Yes it is possible to do it with array but for that you must know the the exact number of elements in each line and also how many lines are there in the file. A better alternative would be to use std::vector<>.

From your description it seems that you want to process the array/vector after reading the file. For this you can use a 2D std::vector as shown below.

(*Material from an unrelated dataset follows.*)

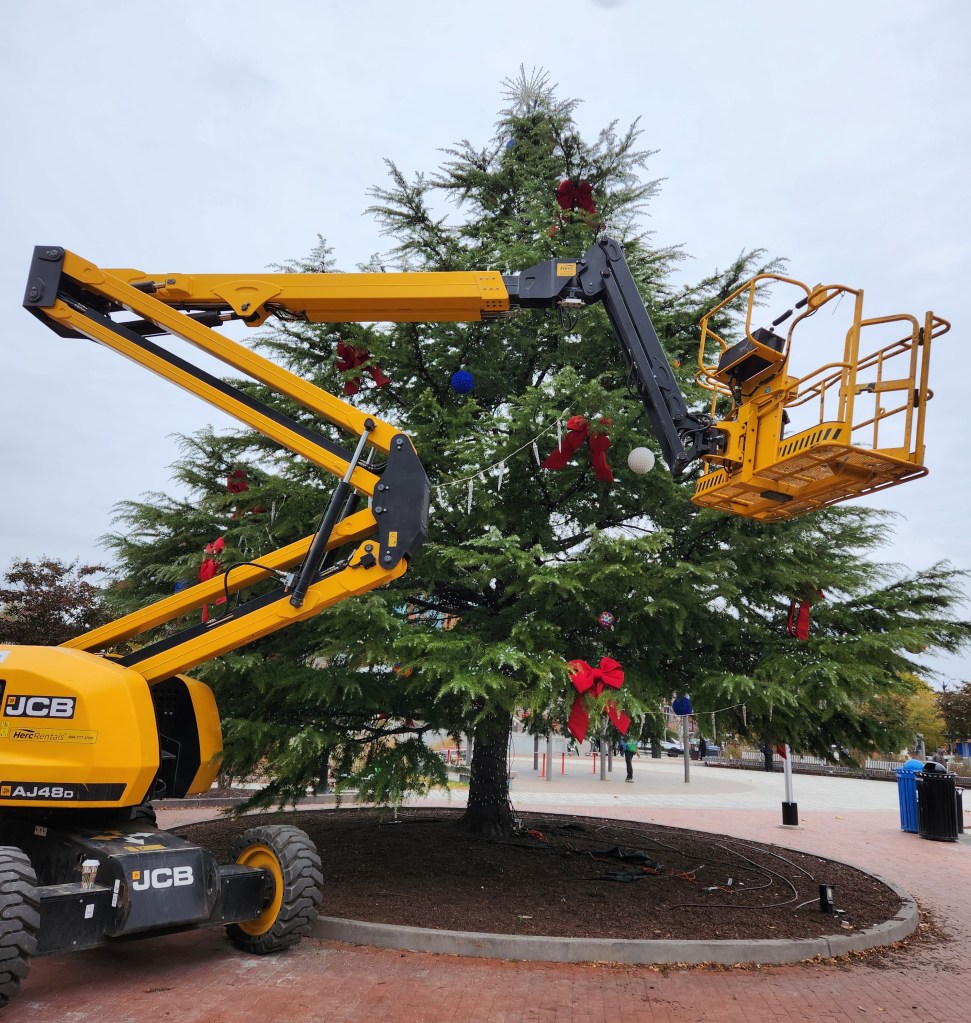 Last Thursday, landscape contractors were decorating “Big George” on Eastern Market Metro Plaza for the Holiday Season. The annual lighting of the tree and the celebration of the coming holiday season will be on Saturday, November 23, at 5:30pm. More on this later.

Also your program has two variables one named size and other named SIZE. For specifying the size of the array you have used SIZE instead of size. But from your code we can't infer the type of SIZE but only the type of size. In case you meant to use a single size variable instead of 2 different ones with one in capital and other in small letters, your program will not be a standard C++ program because in C++ the size of any array must be a compile time constant. So take for instance:

int SIZE = 13;
int arr[SIZE];//INCORRECT because variable SIZE is not a constant expression

The correct way to write the above would be:

const int SIZE = 13;
int arr[SIZE];//CORRECT

But if want to use array you must know how many rows(lines) and columns(elements) will be there in the input file, which is not suitable.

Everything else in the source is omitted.